«…В связи с изложенным, я требую рассмотрения этого беспрецедентного поступка, несовместимого с высокой моралью организации, созданной Лениным.
Людмила Фридман. 3 января 1947 года».
— У меня вопрос к Кострову: вы согласны с фактами, изложенными в заявлении вашей жены?
— Да.
— В таком случае бюро вправе услышать ваше объяснение.
Передо мной на столе ее руки перетягивают между пальцами серебряную цепочку сумочки. Легкий, едва заметный лак ногтей…
— Ну, что же, Костров, будем молчать?
Обручальное кольцо… (Мое в кармане. Запрещено было тогда носить их.) Длинные нежные пальцы… «Такими играют на арфах или совершают дворцовые перевороты», — вспомнил я Ленькину фразу… Что бы сказал он сейчас?

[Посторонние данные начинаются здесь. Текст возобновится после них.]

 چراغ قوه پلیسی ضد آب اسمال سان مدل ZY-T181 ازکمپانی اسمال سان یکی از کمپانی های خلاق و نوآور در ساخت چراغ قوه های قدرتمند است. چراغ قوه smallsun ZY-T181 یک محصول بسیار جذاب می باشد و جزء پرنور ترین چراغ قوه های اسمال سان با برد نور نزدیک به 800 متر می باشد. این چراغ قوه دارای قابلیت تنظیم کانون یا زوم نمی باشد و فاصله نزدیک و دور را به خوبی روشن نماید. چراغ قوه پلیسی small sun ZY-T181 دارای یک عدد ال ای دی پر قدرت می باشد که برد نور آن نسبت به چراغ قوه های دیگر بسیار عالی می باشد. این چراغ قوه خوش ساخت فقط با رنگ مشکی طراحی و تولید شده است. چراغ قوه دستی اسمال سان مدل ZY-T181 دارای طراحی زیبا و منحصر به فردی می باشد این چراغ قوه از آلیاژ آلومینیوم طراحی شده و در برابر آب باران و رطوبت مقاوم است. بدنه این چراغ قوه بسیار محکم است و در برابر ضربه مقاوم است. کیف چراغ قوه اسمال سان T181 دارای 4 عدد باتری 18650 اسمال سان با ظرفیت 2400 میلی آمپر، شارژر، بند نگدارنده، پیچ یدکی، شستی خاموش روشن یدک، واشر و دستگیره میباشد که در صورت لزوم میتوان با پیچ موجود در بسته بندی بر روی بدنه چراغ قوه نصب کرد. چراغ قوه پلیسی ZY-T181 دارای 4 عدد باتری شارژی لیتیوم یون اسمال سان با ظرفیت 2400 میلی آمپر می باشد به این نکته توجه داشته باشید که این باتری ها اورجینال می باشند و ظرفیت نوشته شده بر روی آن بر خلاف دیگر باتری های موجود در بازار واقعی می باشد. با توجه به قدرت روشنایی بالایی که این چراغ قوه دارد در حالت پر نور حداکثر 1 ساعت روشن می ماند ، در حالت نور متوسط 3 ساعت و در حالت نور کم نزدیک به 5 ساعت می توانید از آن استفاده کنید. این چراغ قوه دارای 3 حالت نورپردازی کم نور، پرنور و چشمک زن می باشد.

Всплыло из памяти утро, когда мы собирались в загс. Елизавета Сергеевна внесла в комнату маленькую икону. За спиной ее растерянно улыбался Яков Михайлович, показывая нам руками: «Уважьте, мол, мать, встаньте на колени, бог с ней…» Мы переглянулись с Людмилой, послушно опустились на ковер и поцеловали теплую доску.
— Это неуважение к составу бюро.
— Что вы хотите от меня? — спрашиваю я, продолжая глядеть на ее руки. — Что я должен говорить? Какие вы ждете от меня слова? Я принял решение, и никто не может ничего изменить. Меня можно было судить за ошибку. Она мной исправлена. Что теперь?
— У вас все, Костров?
Я пожал плечами.
— Ну, что же, товарищи, все ясно. Кто хочет высказаться?

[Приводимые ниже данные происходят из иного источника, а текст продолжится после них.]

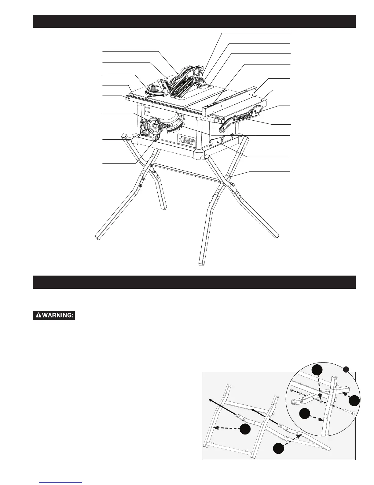 • Fully assemble saw with leg assembly prior to use.

Поднялся Виталий Уваров. (Крепыш. Спортсмен. Бывший моряк. Его сестру расстреляли под Новгородом немцы. Играет на аккордеоне, неплохо поет матросские песни. Руководит самодеятельностью.)
— Узнал я про все это и так плево на душе стало. Что надо человеку? Государство все дало. На всем, можно сказать, готовом. Жена любит. Она же прямо пишет в заявлении — «любила». Родители тоже с душой. Свадьбу справили. Столько денег вбухали… Иван Петрович рассказывал ребятам. До сих пор вспоминает — он же был, видал. Обстановку справили. Чего еще? И вот на тебе — «ошибка»! Откуда она взялась — «ошибка»?.. Думал я вчера над этим вопросом, думал и вот нашел ответ… Вот…

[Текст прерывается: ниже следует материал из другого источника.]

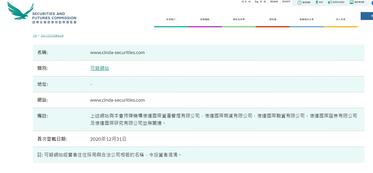 नाम: www.cinda-securities.com श्रेणी: संदिग्ध वेबसाइट का पता: - वेबसाइट: www.cinda-securities.com टिप्पणी: उपरोक्त वेबसाइट Cinda International Asset Management Co., Ltd., Cinda International Futures Co. से संबंधित नहीं है। Ltd., Cinda International Cinda Capital Limited, Cinda International Securities Limited और Cinda International Research Limited जुड़े नहीं हैं। पहले प्रकाशन की तिथि: 31 दिसंबर, 2020 नोट: संदिग्ध वेबसाइट संचालक अक्सर निवेशकों को भ्रमित करते हुए वैध कंपनियों के समान नामों का उपयोग करते हैं। "बिना लाइसेंस वाली कंपनियां और संदिग्ध वेबसाइटें उन कंपनियों को सूचीबद्ध करती हैं जिन्हें हांगकांग में लाइसेंस प्राप्त नहीं है और जिन्होंने एसएफसी का ध्यान आकर्षित किया है। इन कंपनियों पर हांगकांग के निवेशकों के लिए विपणन करने या हांगकांग से लिंक होने का दावा करने का संदेह है। आप यह देखने के लिए नाम या श्रेणी से खोज सकते हैं कि कोई कंपनी सूची में है या नहीं। यह सूची संपूर्ण नहीं है। जैसा कि SFC अक्सर कंपनियों या नोट की वेबसाइटों को ढूंढती है, नई कंपनियों को समय-समय पर सूची में जोड़ा जाता है। यदि आप बिना लाइसेंस वाली कंपनी द्वारा संपर्क किया गया, कृपया हमारे ऑनलाइन शिकायत फॉर्म का उपयोग करें। बॉयलर रूम, धोखाधड़ी वाली वेबसाइटों और फ़िशिंग ईमेल के बारे में अधिक जानकारी के लिए, कृपया संबंधित लिंक पर क्लिक करें। नोट: बिना लाइसेंस वाली कंपनियों और संदिग्ध वेबसाइटों की सूची का उद्देश्य पूर्व चेतावनी जारी करना है निवेशकों के लिए। निवेशक केवल उपरोक्त सूची में दी गई जानकारी पर भरोसा नहीं कर सकते हैं, उन्हें व्यक्तिगत कंपनियों के विवरण की सावधानीपूर्वक जांच करने की आवश्यकता है। कृपया सूची देखने के लिए प्रत्येक कॉलम के नाम के पहले अंग्रेजी अक्षर का चयन करें, या "चीनी नाम" पर क्लिक करें। कॉलम केवल चीनी नामों वाली कंपनियों को ब्राउज़ करता है।"

Уваров не торопясь расстегивает карман гимнастерки и вынимает мою читательскую карточку из библиотеки школы. Я узнал ее сразу.
— Вот, — повторяет Уваров. — Прочтем внимательно. Взял Маяковского «Избранное». Как вы знаете, том увесистый. Вернул на другой день и получил Достоевского, том первый. Читает его… Два, три… пять дней! Поменял на Герцена. Полистал день. И берет том второй Достоевского. Читает шесть дней! Шесть! — повторяет Уваров со странной интонацией. (Благодаря этой интонации начинаю понимать его мысль.)
— …Берет третий том и сидит над ним восемь дней! Восемь дней с одним томом! А взяв У пита, в тот же день вернул. Листает Чехова для отдыха один день и снова берет Достоевского. Том четвертый! Держит его до… до шестнадцатого декабря! Одиннадцать дней! И это, обращаю внимание, совпадает с предсвадебным и послесвадебным периодом. И с вызовом на оперативное задание… Под Новый год берет пятый том! И не сдал его до сегодняшнего дня!
(Сложил карточку, кладет в карман, застегивает пуговицу.)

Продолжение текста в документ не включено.